1- Deadline: 26-11-2024
2- Send your report as a PDF file attached to an e-mail with the following specifications:
    a) E-mail address: cf(at)collados.org or jordi.binefa(at)fje.edu depending who is your teacher
    b) File Names:
        b.1) ASIX1:
            asix1_surname_name_sm1act08.odt
            asix1_surname_name_sm1act08.pdf           
        b2.) DAW1:
            daw1_surname_name_sm1act08.odt
            daw1_surname_name_sm1act08.pdf                 
     c) Subject:
         c.1) ASIX1:
             asix1_surname_name_sm1act08
         c.2) DAW1:
             daw1_surname_name_sm1act08
3- Make this report individually.
4- Left, right, top and bottom margins: 2cm.
5- Character format: a) Font:Arial, b) Size: 10, c) Questions typeface: Bold, d) Answers typeface: Regular.
DOCUMENTATION

1- Introduction

On Linux:
    * A user is a real person or program which can access to some resources of a computer such as folders, files, programs, hardware and so on.
    * A group is a collection of users. Groups are used as a basis for determining file access permissions. It depends on your groups membership that you will be able to access or not to certain folders, files, hardware, databases and so on.

In order to define properly a new user, you must provide to the system some basic information. A system user will need:
 a) A username
 b) Usually, an encrypted password
 c) Most times (but it is not mandatory), a personal home directory where the user can store his/her/its personal data and personal configuration files and enviroment variables.
 d) A numerical value called  User IDentifier or UID associated with the username. The user will be identified by the system thanks to its UID rather than its username.
e) A default group. A user must be member of one or more groups. If a user is member of just one group, that group will be its default group. The group name must exist. Instead of a group name, you can write the unique number that identifies the group.
 f) A default shell, usually /bin/bash.
 g) Another additional characteristics like comments, expiry date, additional groups memberships and so on.
h) User environment variables. This variables are a tool to customize  how the user interacts with the system.  The value of an environment variable can for example be the location of all executable files in the file system, the default editor or browser that should be used, default language, colors used in the terminal,  location of some personal configuration files and folders,.....
i) An entry in files /etc/passwd and /etc/shadow where the vast majority of this information about the user is stored.

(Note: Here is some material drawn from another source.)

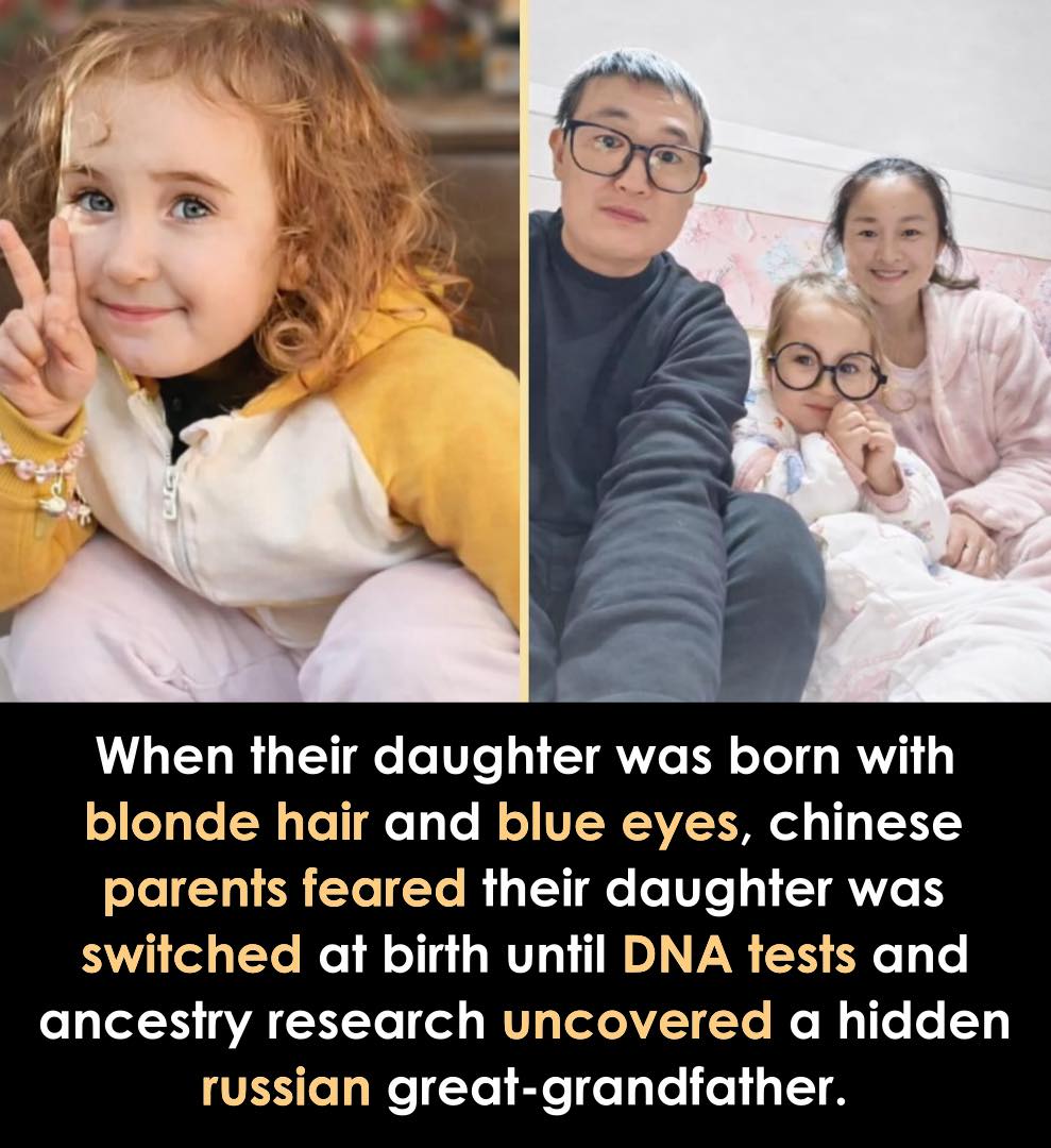 Her parents feared a hospital mix-up when their daughter’s eyes turned blue and her hair became light and curly. DNA tests confirmed she was theirs. The surprise came from ancestry — her great-grandfather was Russian, and the hidden genes appeared generations later.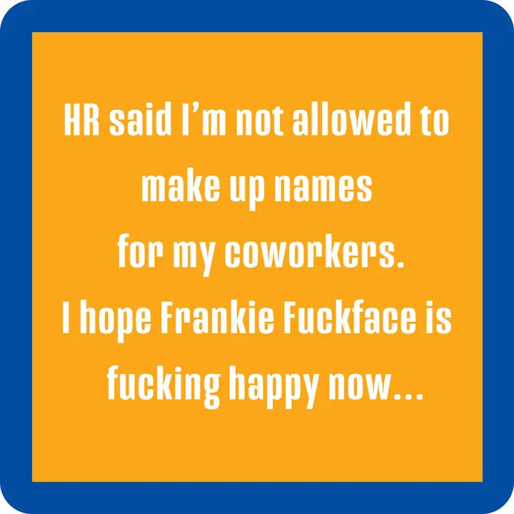 - "HR said I'm not allowed to make up names for my coworkers. I hope Frankie Fuckface is fucking happy now..." coaster

In order to define properly a new group, you must provide to the system some basic information. A system group will need:
 a) A group name.
b) A numerical value called  Group IDentifier or GID associated with the group name. The group  will be identified by the system thanks to its GID rather than its group name.
c)  Users which are member of that group.
h) An entry in files /etc/group and /etc/gshadow where all this information about the group is stored.

In order to configure and manage system users and groups, the Linux operating  provides you with a set of command-line utilities: a) useradd adds a new user account to the system, b) userdel deletes a user's account, c) usermod modifies a user's account, d) groupadd adds a new group to the system, e) groupdel removes a group and f) groupmod modifies a group.

The purpose of this exercise is:
     a) Firstly, to learn how to manage (add, delete and modify) user and group account on Linux.
     b) Secondly, we will study the main chararacterisitics  of  system user and groups, and how to modify these characteristics.
     c) Finally, we will study the contents of /etc/passwd, /etc/group and /etc/shadow.

2- mkpasswd

a) Descrition: The command-line utility mkpasswd encrypts a given password. This command is part of a package called whois. You have to install whois in order to install mkpasswd on your system.

b) Synopis: mkpasswd  PASSWORD

c) As a result, a encrypted version of PASSWORD will be displayed on screen

d) Example:
linux:~ #  mkpasswd   FjeClot@20
Ab1VoXikXZ6E2

3- useradd

a) Descrption: The useradd command adds a new user to the system. This command adds a new entry to /etc/passwd and /etc/shadow.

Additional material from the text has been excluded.